On Iraq, Mr. Obama promised to bring American troops home.

In Afghanistan, which Mr. Obama called the "right" war and the one the United States should be focused on, he ordered a surge of troops that eventually tripled American boots on the ground until the numbers exceeded Soviet levels of the 1980s.

The President delivered. The last U.S. troops marched out of Iraq in December – an exit timetable no different from George W. Bush's – but still a promise kept by Mr. Obama, who first came to national attention with his stirring 2002 speech against war in Iraq.

"What I am opposed to is a dumb war," then-senator Obama said. He decried the looming war to topple Saddam Hussein as "a war based not on reason but on passion, not on principle but on politics."

Afghanistan was supposed to be a different war, worth fighting and worth winning.

"If I did not think that the security of the United States and the safety of the American people were at stake in Afghanistan, I would gladly order every single one of our troops home tomorrow," Mr.
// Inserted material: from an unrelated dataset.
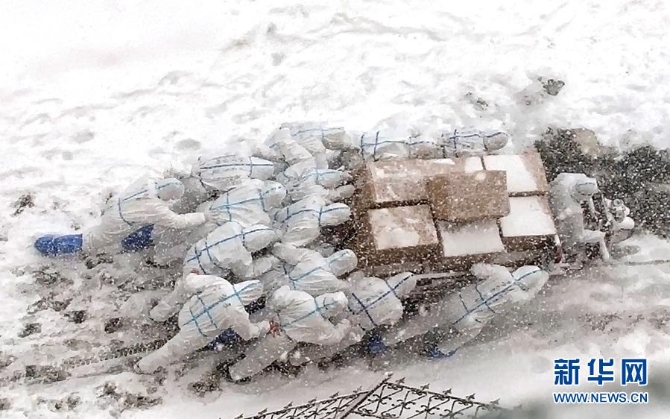 大連海洋大學(xué)的志愿者們推著滿載的三輪車上坡,將物資送到學(xué)生宿舍。1月6日,這個畫面在互聯(lián)網(wǎng)上廣泛傳播,感動了萬千網(wǎng)友。新華社發(fā)(大連海洋大學(xué)供圖)

Obama said in 2009 as he poured in reinforcements.

Three years later, civilian casualties are at an all-time high and more than 80 per cent of Afghans support talking to the Taliban to end the war.

Even before the horrific news of Sunday's atrocity, fully six in 10 Americans told a Washington Post-ABC News poll the war in Afghanistan was "not worth fighting."

Major allies have come to the same conclusion.

Canada and the Netherlands, two of the nations battling the Taliban in its heartland of southern Afghanistan before Mr. Obama's surge, have quit combat. France, after the latest "fragging" of its soldiers by Afghans enraged by the Koran-burning, announced it would pull out a year sooner than planned.

With scant support, in either the United States or Afghanistan, for keeping 100,000-plus U.S. troops in the country, Mr. Obama may also opt to hurry the pace to the exit.

He has already agreed to free top Taliban leaders held at the Guantanamo Bay military prison so they can be sent to Qatar to participate in talks aimed at a power-sharing deal.

In this U.S. election cycle, the Afghan war is barely an issue. Mr. Obama is under fire not for failing to win in Afghanistan, or for propping up the corrupt regime of Afghan President Hamid Karzai, or even for the steadily mounting casualties and costs of the decade-long conflict. Rather, his Republican rivals get applauded for castigating Mr. Obama's repeated apologies. "This President has got to stop apologizing for America," Rick Santorum said after the Koran burnings. "His gut reaction is always to blame us, to blame our men and women in uniform. Stop it, Mr. President. Stand up for our troops. Stand up for this country."

Mitt Romney agreed, saying, "For us to be apologizing at a time like this is something which is very difficult for the American people to countenance."

Newt Gingrich openly suggests the war is unwinnable.

Americans want their troops home. Afghans apparently want them gone.